One GREAT thing about Alabama is it provides a nice border and keeps GA away from Mississippi...


----------



## greene_dawg (Feb 5, 2015)

Matthew6 said:


> all 3 of my homes are north of I - 20 and 2 in Georgia. I totally understand what you mean about junky property. But instead of complaining, you should put on your hiking boots and getting stepping. Hopefully no one held a gun to your head and forced you to move there.



I'm not complaining. This isn't my thread but I can call it like it is. And no gun to the head. I had the opportunity presented by an old Air Force buddy to take a gig working for the DoD down here which would get my clearance back, which I did. It was supposed to be a two year plan but one thing led to another and the housing market went in the tank and by the time it came out my oldest daughter was vested in her peers, athletics, and youth group so we've made the decision to wait until this time next year, her graduation, before making a push back into the year 2015. 

And no regrets, we've made friends here that will last a lifetime.


----------



## elfiii (Feb 5, 2015)

fish hawk said:


> They also believe Saban is the second coming of Christ.



Fools. He's the Third Coming. Bear Bryant was the Second Coming. Bammers can't count past 2.


----------



## rhbama3 (Feb 5, 2015)

fish hawk said:


> Protocol for being a true Bama fan.
> 1: You must drive a maroon pick up truck with 10,000 Bama stickers plastered all over.Back window must have so many you cant see traffic from your rearview.
> 2:Whenever you and your old lady go shopping at the local wal mart you must wear matching bama hats with your ponytails pulled thru the little slot in the back.Matching Bama sweatshirts,sweat pants and Bama crocks.
> 3: Name all your house pets after past Bama football players.
> ...


Okay yes, Sweet Home Alabama is my ringtone, but i don't know of any self respecting Bama fan that would use the Kid Rock version. 


elfiii said:


> Fools. He's the Third Coming. Bear Bryant was the Second Coming. Bammers can't count past 2.

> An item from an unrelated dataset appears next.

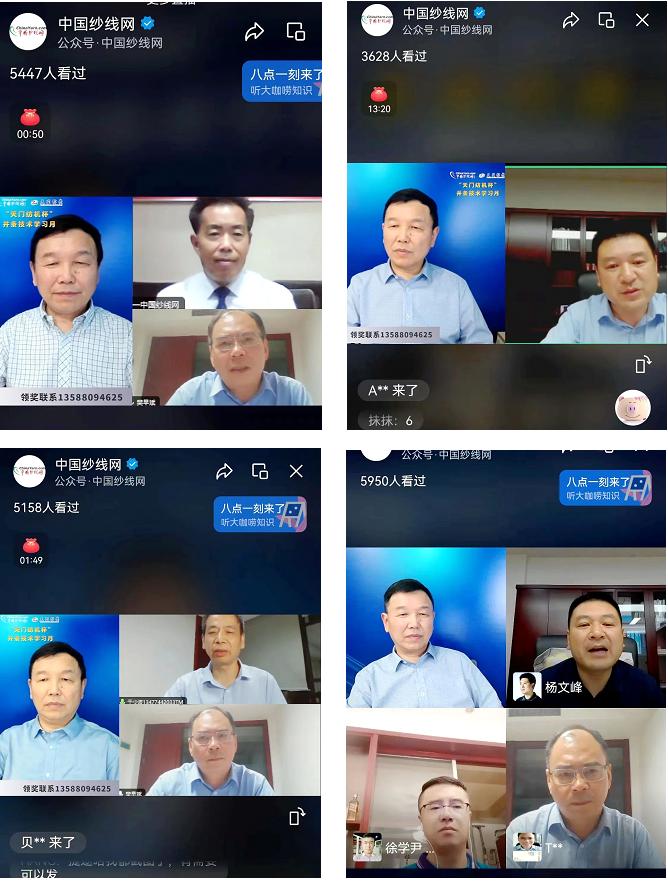 本次活動進行了6場直播。其間,天門紡機副總經(jīng)理楊文峰就紡織裝備的發(fā)展趨勢作了深度剖析,分享了并條機牽伸形式、傳動方式、換筒方式及自調(diào)勻整等方面的專業(yè)知識;天門紡機品控總監(jiān)樊早斌、售后服務(wù)中心主任于少波分別就并條機操作、工藝要求、維護保養(yǎng)、常見問題排查等方面的知識和經(jīng)驗進行了交流。線上學(xué)習(xí)氛圍濃厚,平均每場都有近6千人參加學(xué)習(xí),總計超3萬余人。

We can count to 15 pretty good.


----------



## doenightmare (Feb 5, 2015)

rhbama3 said:


> Okay yes, Sweet Home Alabama is my ringtone, but i don't know of any self respecting Bama fan that would use the Kid Rock version.
> 
> We can count to 15 pretty good.


 

Touche'.


----------



## ClemsonRangers (Feb 5, 2015)

Dabo and Danny Ford, bama refugees


----------



## fish hawk (Feb 5, 2015)

rhbama3 said:


> Okay yes, Sweet Home Alabama is my ringtone,* but i don't know of any self respecting Bama fan that would use the Kid Rock version. *
> We can count to 15 pretty good.



I do........I tried telling them but they wouldn't listen.


----------



## rhbama3 (Feb 5, 2015)

ClemsonRangers said:


> Dabo and Danny Ford, bama refugees



Now that's a guy i haven't thought about in a long time.


----------



## elfiii (Feb 6, 2015)

rhbama3 said:


> We can count to 15 pretty good.



That's eight fingers, two thumbs and five toes right?


----------



## Hankus (Feb 7, 2015)

elfiii said:


> That's eight fingers, two thumbs and five toes right?



well, they ain usin teeth


----------



## gobbleinwoods (Feb 7, 2015)

Throwback said:


> What other use you got for a trampoline?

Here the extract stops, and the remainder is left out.